§ Information supplied
══════════
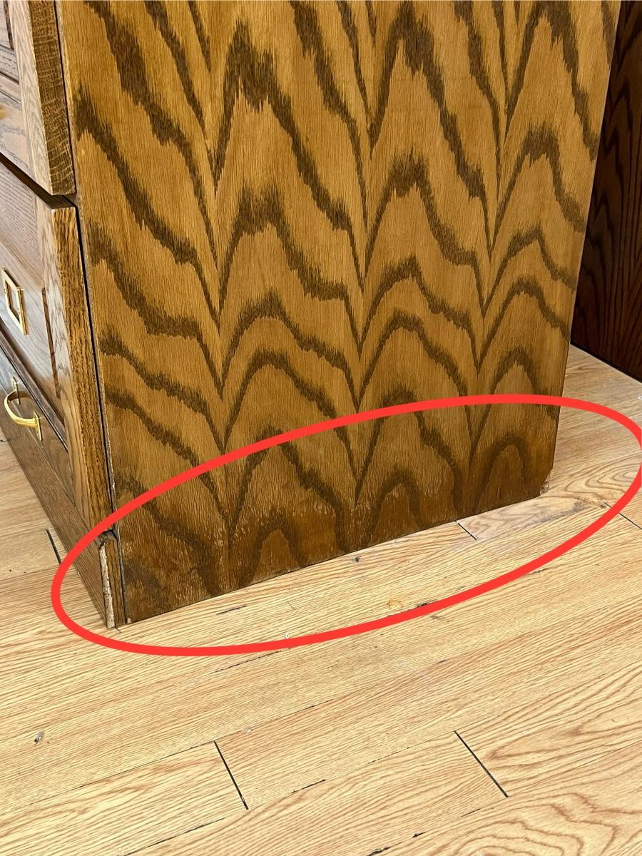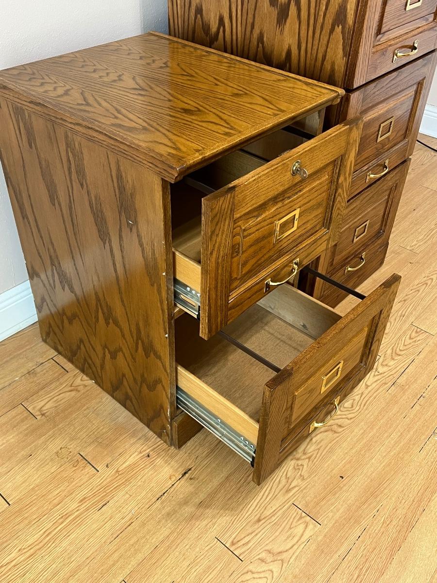Both have keys, keys are interchangeable between the cabinets ~ All drawers slide easily & have hardware for filing ~ **Cabinets have water damage but are still solid ~ Smaller cabinet has corner damage, see photos ~ Tall cabinet = 54.5” H x 19” W x 23” D ~ Smaller cabinet = 30” H x 19” W x 23” D
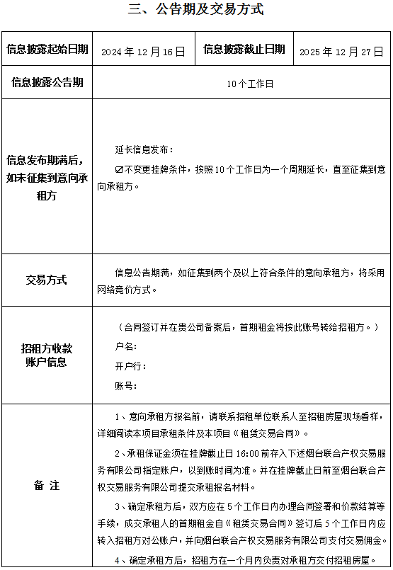 • 掛牌起止日期:2024年12月16日至2024年12月27日
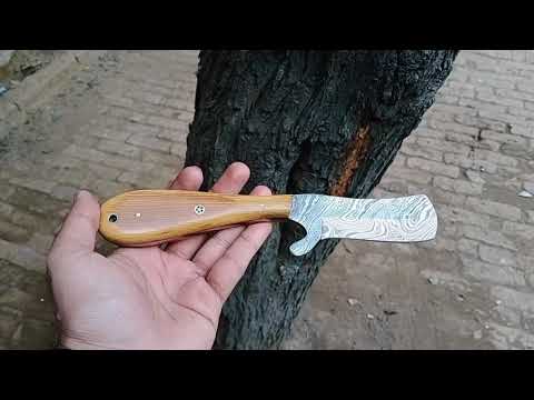 Discover the exquisite craftsmanship of the **Damascus skinner knife with wood on handle.** by JW SteelCrafts.
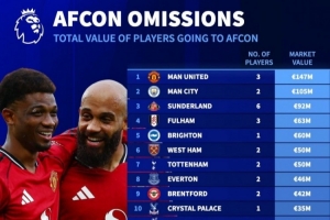 體育資訊12月17日訊 非洲杯即將戰(zhàn)火重燃,《轉(zhuǎn)會(huì)市場(chǎng)》也統(tǒng)計(jì)了因?yàn)橐獏⒓臃侵薇x隊(duì)的英超各隊(duì)身價(jià)損失榜,曼聯(lián)居首。
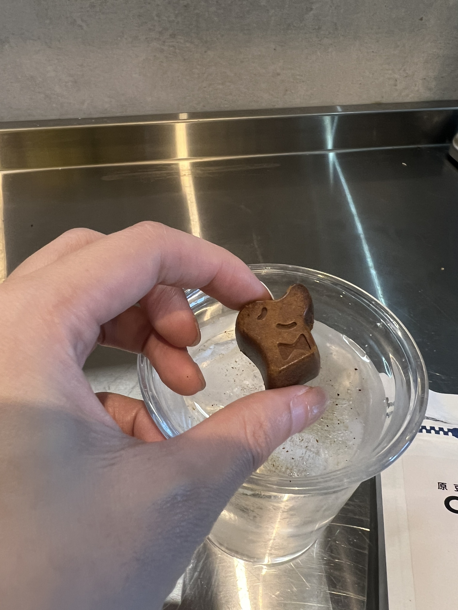 41歲 新北市但為了嘗味道,欣賞了一陣子還是丟下去,我使用的是偏熱的水,一瞬間,真的是一瞬間就化光了,根本拍不到過程哈哈哈,攪拌一下很快就有咖啡香氣飄出來,喝起來是偏酸的口感,讓我滿驚訝的,因為外觀已經太可愛,沒想到味道居然也沒在客氣,喝起來不會水水的,是認真的咖啡。
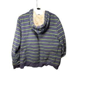 LL Bean Navy Blue Green Striped Fleece Lined Hoodie Full Zip XL
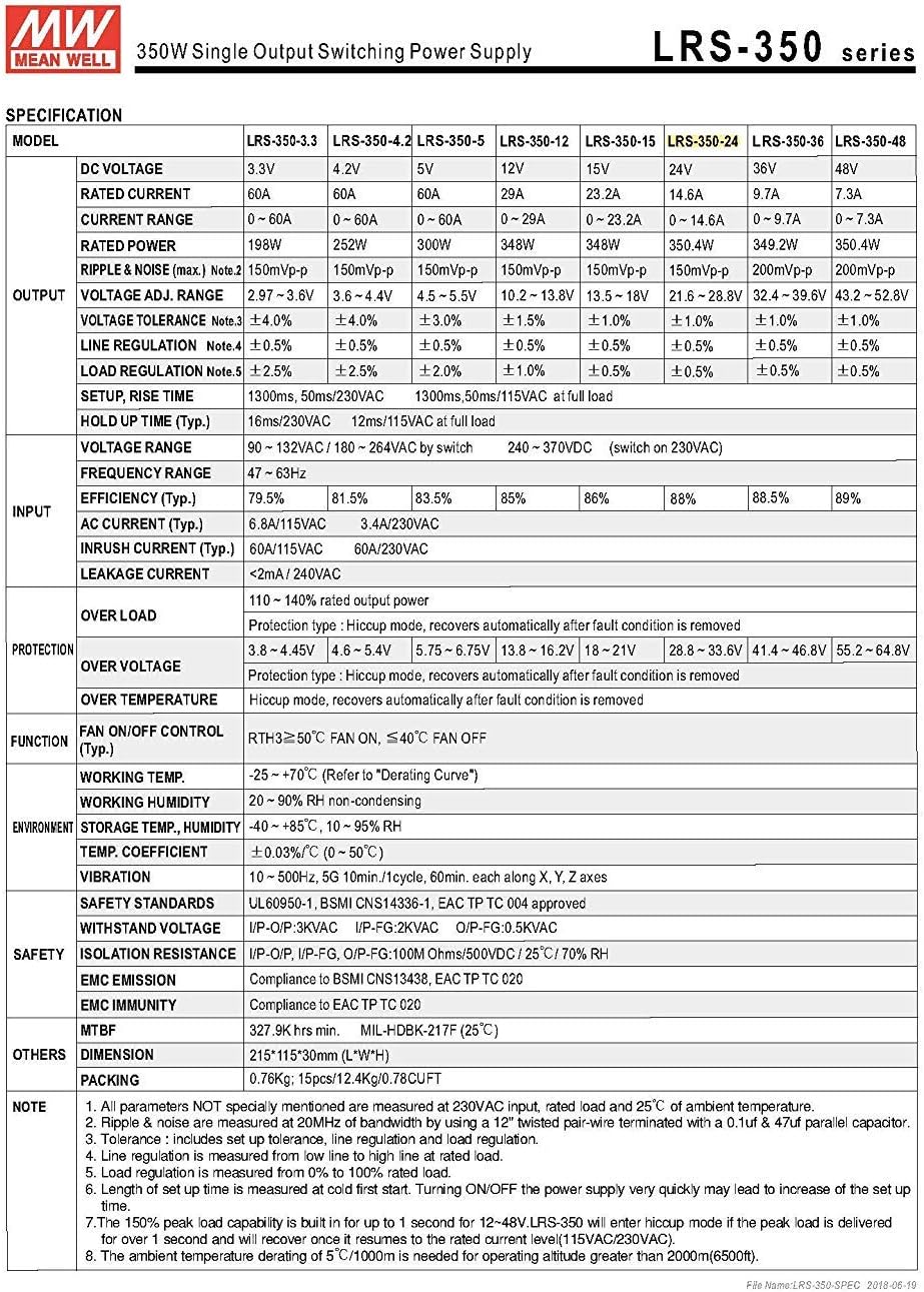 2_Pack Available (Check SIZE: LRS-350-24:2_PACK)-CONDITION: 100% Brand New -DC VOLTAGE: 24V -CURRENT RANGE: 0~14.6A -RATED POWER: 350W -INPUT VOLTAGE RANGE: 90 ~ 132VAC / 180 ~ 264VAC by switch 240 ~ 370VDC (switch on 230VAC) -EFFICIENCY: 88% -PROTECTIONS: SHORT CIRCUIT / OVER LOAD / OVER VOLTAGE / OVER TEMPERATURE -WEIGHT:760g -DIMENSION: 215 * 115 * 30 mm -CASE MATERIAL: Metal case / Aluminum base -CERTIFICATE: UL/CB -WORKING TEMPERATURE: -25~70 CASE temperature>50 FAN ON, CASE temperature<40 FAN OFF
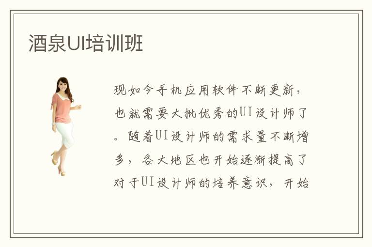 现如今手机应用软件不断更新,也就需要大批优秀的UI设计师了。随着UI设计师的需求量不断增多,各大地区也开始逐渐提高了对于UI设计师的培养意识,开始成立了很多家专业的UI培训机构。那么酒泉UI培训班的教学质量怎么样呢?在酒泉UI培训班学习UI设计专业后能不能顺利找到好工作呢?酒泉UI培训班坚持从基础教训,通过高质量的培训课程让各位学员可以学好UI设计。
══════════
§ Instructions for the task
Leaving out the pictures, repeat all of the entries exactly.

§ Answer section
Both have keys, keys are interchangeable between the cabinets ~ All drawers slide easily & have hardware for filing ~ **Cabinets have water damage but are still solid ~ Smaller cabinet has corner damage, see photos ~ Tall cabinet = 54.5” H x 19” W x 23” D ~ Smaller cabinet = 30” H x 19” W x 23” D
 • 掛牌起止日期:2024年12月16日至2024年12月27日
 Discover the exquisite craftsmanship of the **Damascus skinner knife with wood on handle.** by JW SteelCrafts.
 體育資訊12月17日訊 非洲杯即將戰(zhàn)火重燃,《轉(zhuǎn)會(huì)市場(chǎng)》也統(tǒng)計(jì)了因?yàn)橐獏⒓臃侵薇x隊(duì)的英超各隊(duì)身價(jià)損失榜,曼聯(lián)居首。
 41歲 新北市但為了嘗味道,欣賞了一陣子還是丟下去,我使用的是偏熱的水,一瞬間,真的是一瞬間就化光了,根本拍不到過程哈哈哈,攪拌一下很快就有咖啡香氣飄出來,喝起來是偏酸的口感,讓我滿驚訝的,因為外觀已經太可愛,沒想到味道居然也沒在客氣,喝起來不會水水的,是認真的咖啡。
 LL Bean Navy Blue Green Striped Fleece Lined Hoodie Full Zip XL
 2_Pack Available (Check SIZE: LRS-350-24:2_PACK)-CONDITION: 100% Brand New -DC VOLTAGE: 24V -CURRENT RANGE: 0~14.6A -RATED POWER: 350W -INPUT VOLTAGE RANGE: 90 ~ 132VAC / 180 ~ 264VAC by switch 240 ~ 370VDC (switch on 230VAC) -EFFICIENCY: 88% -PROTECTIONS: SHORT CIRCUIT / OVER LOAD / OVER VOLTAGE / OVER TEMPERATURE -WEIGHT:760g -DIMENSION: 215 * 115 * 30 mm -CASE MATERIAL: Metal case / Aluminum base -CERTIFICATE: UL/CB -WORKING TEMPERATURE: -25~70 CASE temperature>50 FAN ON, CASE temperature<40 FAN OFF
 现如今手机应用软件不断更新,也就需要大批优秀的UI设计师了。随着UI设计师的需求量不断增多,各大地区也开始逐渐提高了对于UI设计师的培养意识,开始成立了很多家专业的UI培训机构。那么酒泉UI培训班的教学质量怎么样呢?在酒泉UI培训班学习UI设计专业后能不能顺利找到好工作呢?酒泉UI培训班坚持从基础教训,通过高质量的培训课程让各位学员可以学好UI设计。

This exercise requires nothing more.